== Problem to solve ==
Below are entries. Give back exactly the lines from the one containing "Dit keer had" through the one containing "Изглед Терезија са", inclusive, without the pictures.

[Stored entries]
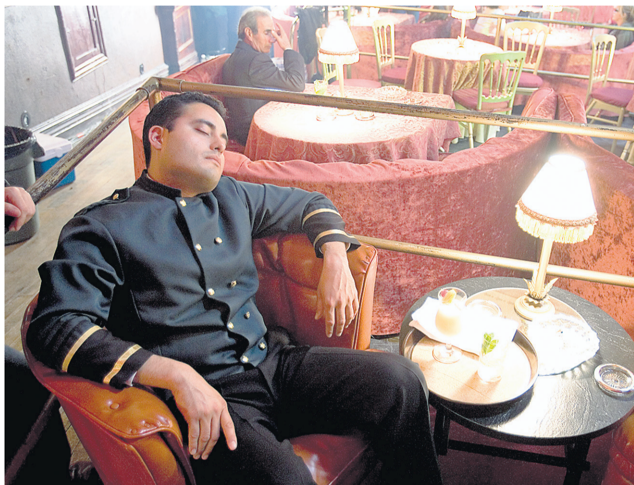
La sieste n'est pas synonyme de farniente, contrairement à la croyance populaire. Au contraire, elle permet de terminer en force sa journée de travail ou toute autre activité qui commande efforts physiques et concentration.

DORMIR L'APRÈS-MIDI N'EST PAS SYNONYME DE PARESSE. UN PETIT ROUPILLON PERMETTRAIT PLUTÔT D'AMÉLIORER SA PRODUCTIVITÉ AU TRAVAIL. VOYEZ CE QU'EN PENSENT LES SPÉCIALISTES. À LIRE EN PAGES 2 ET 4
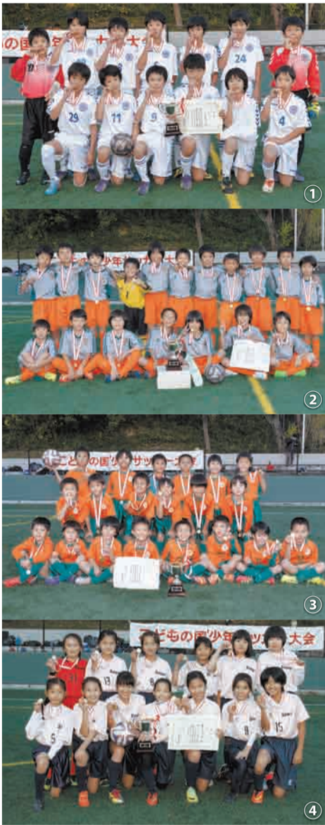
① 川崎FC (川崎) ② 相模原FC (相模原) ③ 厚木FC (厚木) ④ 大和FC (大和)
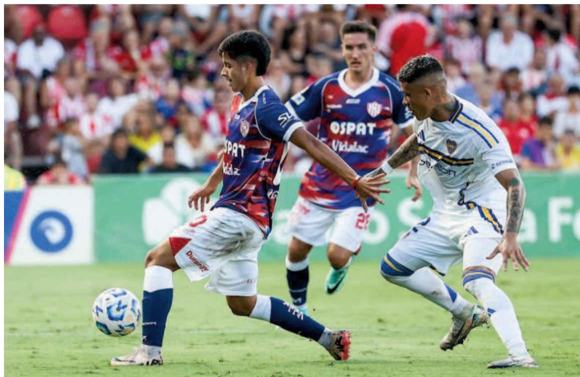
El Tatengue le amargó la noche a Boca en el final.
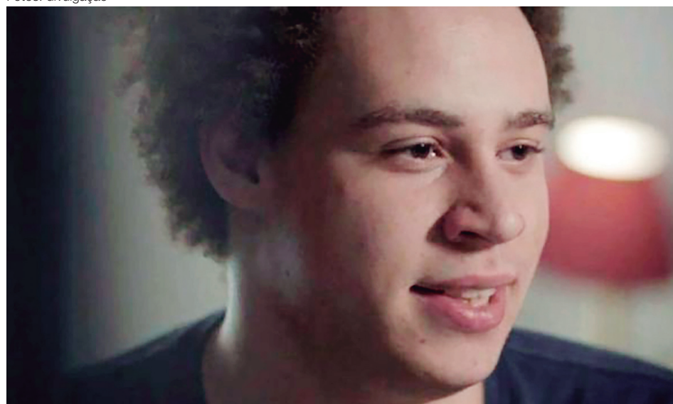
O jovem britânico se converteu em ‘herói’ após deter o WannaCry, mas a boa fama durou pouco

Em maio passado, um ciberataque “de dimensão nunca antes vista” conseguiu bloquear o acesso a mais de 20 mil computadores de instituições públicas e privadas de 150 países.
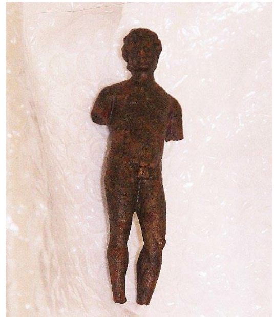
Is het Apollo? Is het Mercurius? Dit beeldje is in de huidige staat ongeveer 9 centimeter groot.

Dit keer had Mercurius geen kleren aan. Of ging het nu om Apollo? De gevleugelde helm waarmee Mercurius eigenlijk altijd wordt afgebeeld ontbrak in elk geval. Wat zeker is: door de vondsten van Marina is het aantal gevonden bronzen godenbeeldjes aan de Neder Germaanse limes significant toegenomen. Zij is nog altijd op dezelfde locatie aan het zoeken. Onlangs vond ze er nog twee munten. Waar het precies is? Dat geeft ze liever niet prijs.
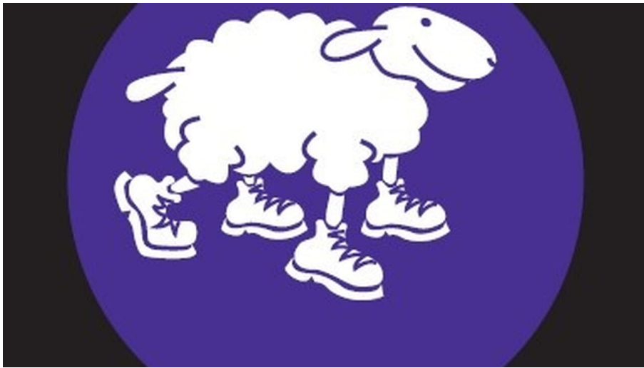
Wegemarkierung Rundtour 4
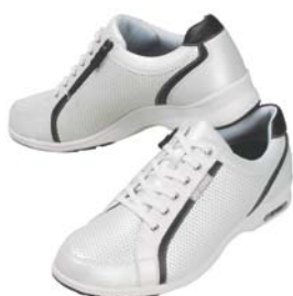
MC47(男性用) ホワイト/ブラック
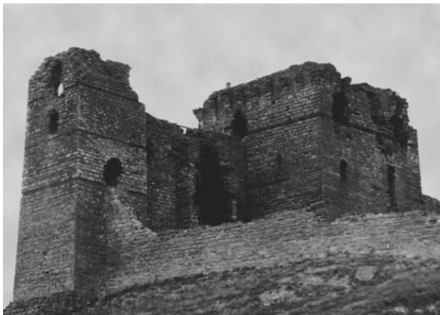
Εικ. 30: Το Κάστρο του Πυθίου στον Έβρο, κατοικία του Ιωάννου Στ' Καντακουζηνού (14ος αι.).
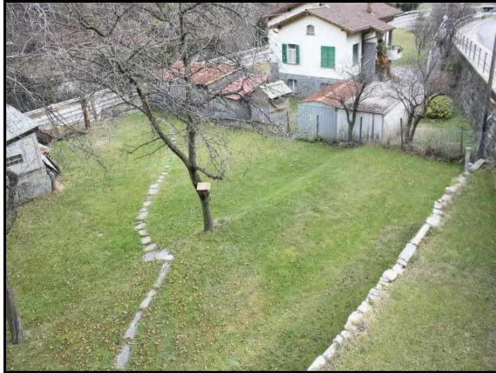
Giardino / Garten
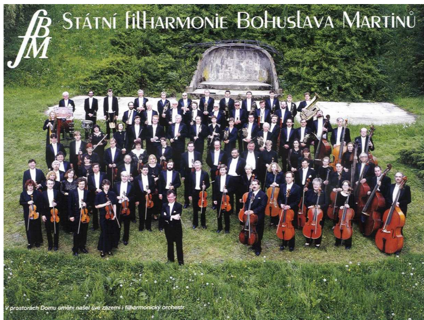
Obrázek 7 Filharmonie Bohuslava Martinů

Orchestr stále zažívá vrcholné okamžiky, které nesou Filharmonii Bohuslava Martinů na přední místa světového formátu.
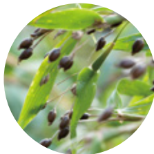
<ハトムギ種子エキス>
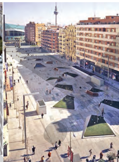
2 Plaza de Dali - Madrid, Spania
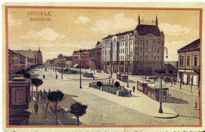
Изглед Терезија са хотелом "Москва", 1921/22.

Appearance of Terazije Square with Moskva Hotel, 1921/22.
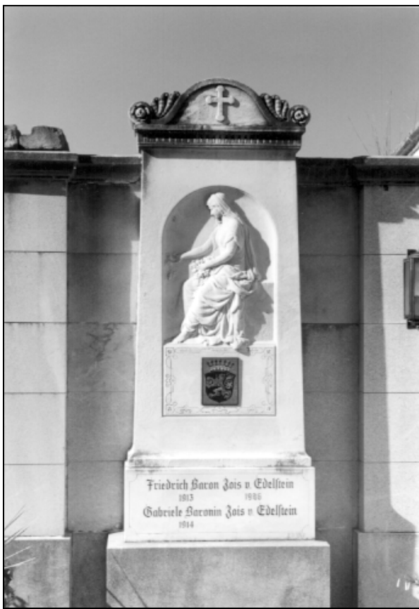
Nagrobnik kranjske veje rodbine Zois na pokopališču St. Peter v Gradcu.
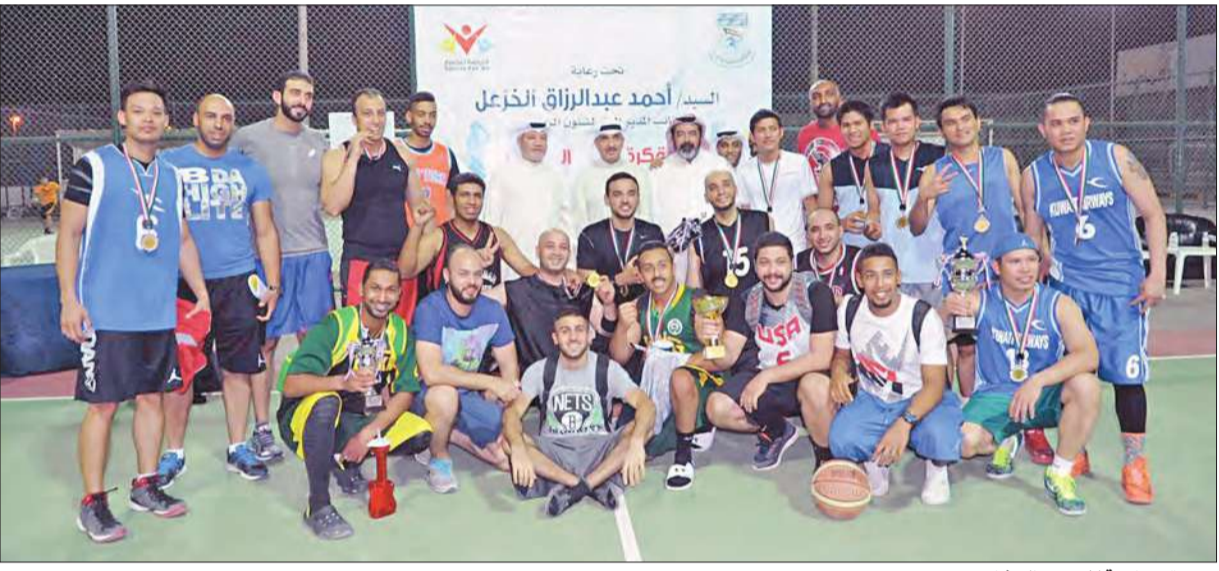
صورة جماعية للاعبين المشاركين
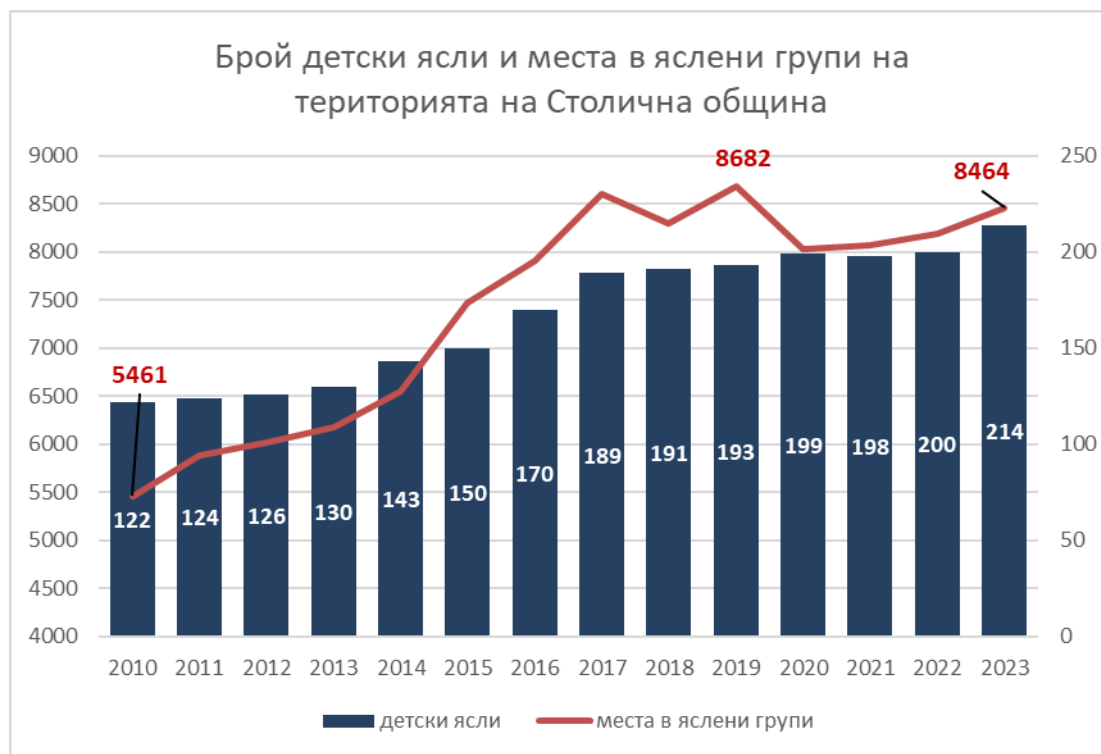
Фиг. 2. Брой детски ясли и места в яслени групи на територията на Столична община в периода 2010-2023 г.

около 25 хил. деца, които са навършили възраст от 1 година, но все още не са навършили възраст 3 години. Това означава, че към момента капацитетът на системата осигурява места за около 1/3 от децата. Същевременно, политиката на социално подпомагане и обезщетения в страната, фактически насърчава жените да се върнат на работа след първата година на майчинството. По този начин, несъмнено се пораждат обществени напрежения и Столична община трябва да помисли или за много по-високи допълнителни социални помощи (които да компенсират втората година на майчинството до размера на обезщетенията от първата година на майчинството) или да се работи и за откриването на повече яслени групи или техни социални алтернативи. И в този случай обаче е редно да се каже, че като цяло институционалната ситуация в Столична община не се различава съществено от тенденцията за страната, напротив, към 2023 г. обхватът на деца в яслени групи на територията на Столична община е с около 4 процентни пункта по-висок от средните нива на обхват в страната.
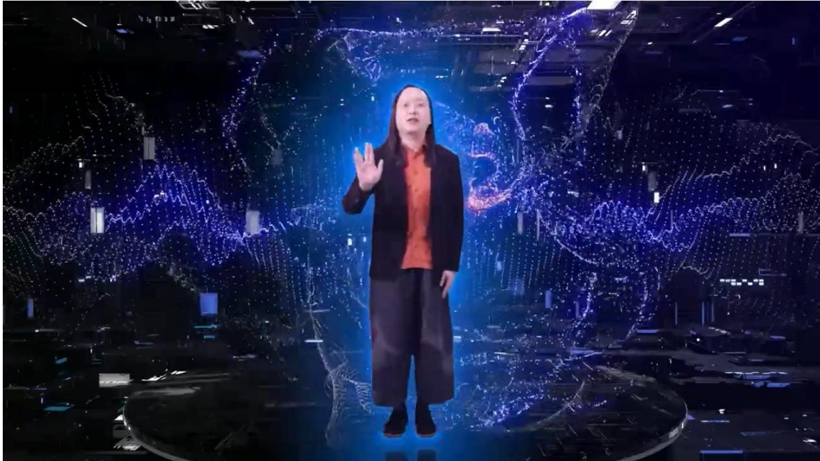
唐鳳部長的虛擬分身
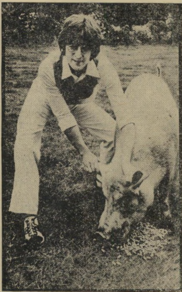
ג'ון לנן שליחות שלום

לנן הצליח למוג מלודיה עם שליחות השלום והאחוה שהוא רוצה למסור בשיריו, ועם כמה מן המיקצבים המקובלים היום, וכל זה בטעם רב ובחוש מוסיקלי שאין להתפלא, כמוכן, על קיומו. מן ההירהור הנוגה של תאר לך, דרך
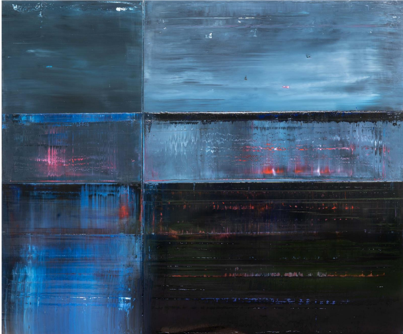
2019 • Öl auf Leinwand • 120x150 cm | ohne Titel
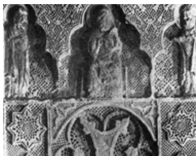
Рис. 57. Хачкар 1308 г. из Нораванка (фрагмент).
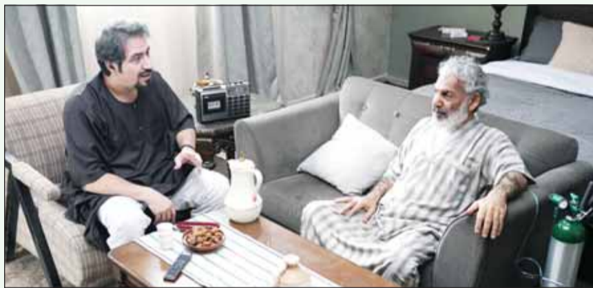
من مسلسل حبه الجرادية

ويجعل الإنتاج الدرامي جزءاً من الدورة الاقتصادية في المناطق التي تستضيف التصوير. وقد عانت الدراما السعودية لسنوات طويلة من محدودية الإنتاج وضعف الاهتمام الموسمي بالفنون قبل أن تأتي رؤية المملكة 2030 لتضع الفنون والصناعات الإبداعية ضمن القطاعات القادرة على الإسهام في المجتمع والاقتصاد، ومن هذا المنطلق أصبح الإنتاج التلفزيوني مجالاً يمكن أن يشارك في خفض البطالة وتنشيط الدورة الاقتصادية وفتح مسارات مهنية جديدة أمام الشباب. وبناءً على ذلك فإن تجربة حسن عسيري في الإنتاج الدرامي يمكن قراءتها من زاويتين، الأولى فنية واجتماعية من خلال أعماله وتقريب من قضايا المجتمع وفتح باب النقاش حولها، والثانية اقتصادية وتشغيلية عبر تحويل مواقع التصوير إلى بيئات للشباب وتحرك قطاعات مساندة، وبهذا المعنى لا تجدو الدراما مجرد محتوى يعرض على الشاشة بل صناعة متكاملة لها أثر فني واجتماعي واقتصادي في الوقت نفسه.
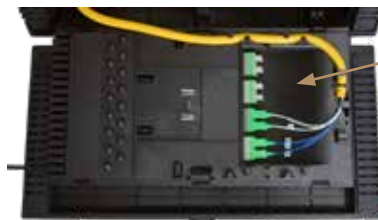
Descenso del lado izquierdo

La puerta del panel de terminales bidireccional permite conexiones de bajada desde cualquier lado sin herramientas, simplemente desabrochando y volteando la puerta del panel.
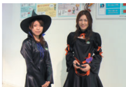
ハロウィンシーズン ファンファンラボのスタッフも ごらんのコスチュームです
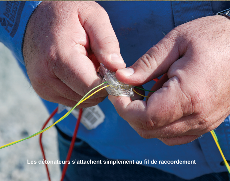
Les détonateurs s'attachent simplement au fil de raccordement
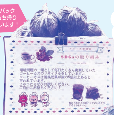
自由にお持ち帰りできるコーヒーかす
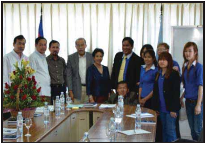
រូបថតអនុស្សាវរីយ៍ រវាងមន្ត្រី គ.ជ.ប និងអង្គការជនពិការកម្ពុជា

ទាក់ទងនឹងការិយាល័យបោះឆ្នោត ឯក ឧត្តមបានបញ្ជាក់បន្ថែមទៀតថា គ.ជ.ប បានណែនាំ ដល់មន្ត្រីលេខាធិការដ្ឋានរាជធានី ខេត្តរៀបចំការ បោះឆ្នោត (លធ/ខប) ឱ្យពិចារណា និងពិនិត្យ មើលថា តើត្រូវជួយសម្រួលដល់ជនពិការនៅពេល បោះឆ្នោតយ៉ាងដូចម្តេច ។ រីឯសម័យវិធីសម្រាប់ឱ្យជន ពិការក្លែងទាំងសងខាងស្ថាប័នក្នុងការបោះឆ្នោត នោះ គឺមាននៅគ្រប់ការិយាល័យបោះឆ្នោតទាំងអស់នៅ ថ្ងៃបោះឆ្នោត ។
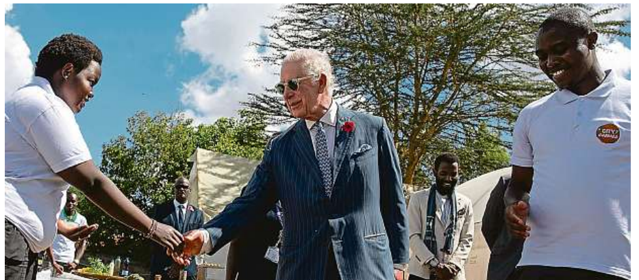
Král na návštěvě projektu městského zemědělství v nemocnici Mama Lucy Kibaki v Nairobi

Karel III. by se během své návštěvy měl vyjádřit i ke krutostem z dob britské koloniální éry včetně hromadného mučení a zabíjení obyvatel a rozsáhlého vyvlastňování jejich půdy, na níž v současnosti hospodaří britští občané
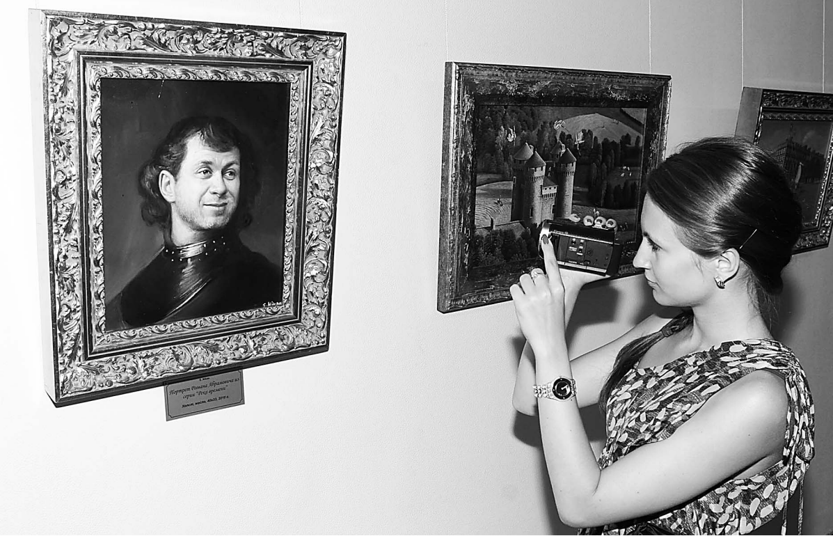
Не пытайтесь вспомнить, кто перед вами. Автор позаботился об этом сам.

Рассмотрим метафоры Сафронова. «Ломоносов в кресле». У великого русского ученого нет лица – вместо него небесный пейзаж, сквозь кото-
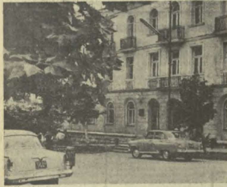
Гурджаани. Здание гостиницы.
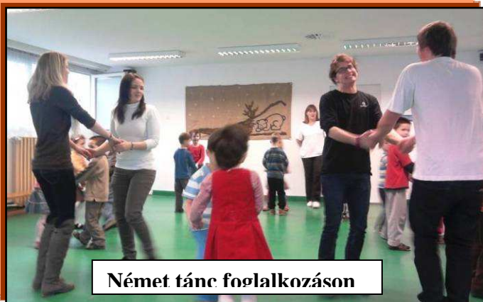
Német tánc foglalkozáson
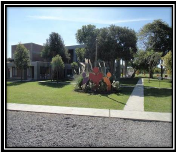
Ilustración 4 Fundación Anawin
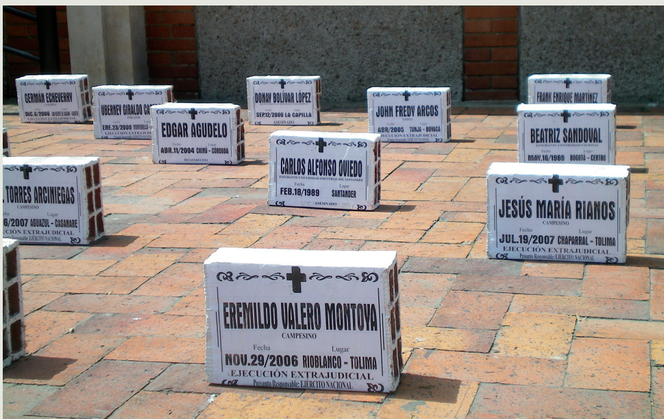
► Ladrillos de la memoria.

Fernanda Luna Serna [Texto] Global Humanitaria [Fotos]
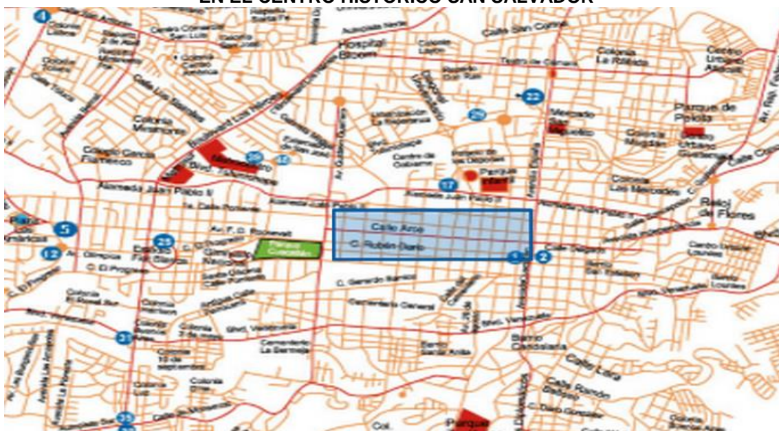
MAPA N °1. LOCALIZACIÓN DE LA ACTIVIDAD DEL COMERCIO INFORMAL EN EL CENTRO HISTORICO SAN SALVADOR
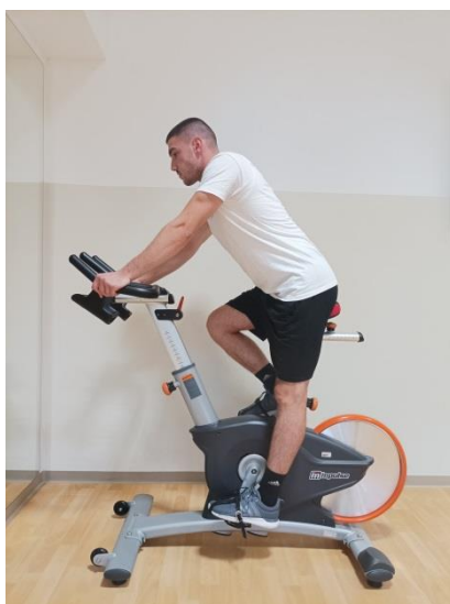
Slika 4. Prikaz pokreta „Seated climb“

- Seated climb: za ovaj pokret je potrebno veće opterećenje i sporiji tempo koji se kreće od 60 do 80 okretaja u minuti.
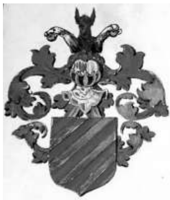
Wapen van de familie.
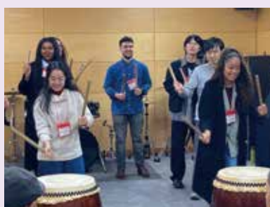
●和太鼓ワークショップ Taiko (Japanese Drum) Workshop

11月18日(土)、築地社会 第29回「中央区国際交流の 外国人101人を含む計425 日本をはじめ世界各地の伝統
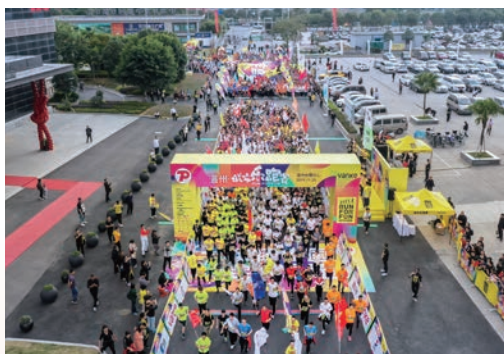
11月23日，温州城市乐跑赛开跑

== Answer ==
Dit keer had Mercurius geen kleren aan. Of ging het nu om Apollo? De gevleugelde helm waarmee Mercurius eigenlijk altijd wordt afgebeeld ontbrak in elk geval. Wat zeker is: door de vondsten van Marina is het aantal gevonden bronzen godenbeeldjes aan de Neder Germaanse limes significant toegenomen. Zij is nog altijd op dezelfde locatie aan het zoeken. Onlangs vond ze er nog twee munten. Waar het precies is? Dat geeft ze liever niet prijs.
Wegemarkierung Rundtour 4
MC47(男性用) ホワイト/ブラック
Εικ. 30: Το Κάστρο του Πυθίου στον Έβρο, κατοικία του Ιωάννου Στ' Καντακουζηνού (14ος αι.).
Giardino / Garten
Obrázek 7 Filharmonie Bohuslava Martinů

Orchestr stále zažívá vrcholné okamžiky, které nesou Filharmonii Bohuslava Martinů na přední místa světového formátu.
<ハトムギ種子エキス>
2 Plaza de Dali - Madrid, Spania
Изглед Терезија са хотелом "Москва", 1921/22.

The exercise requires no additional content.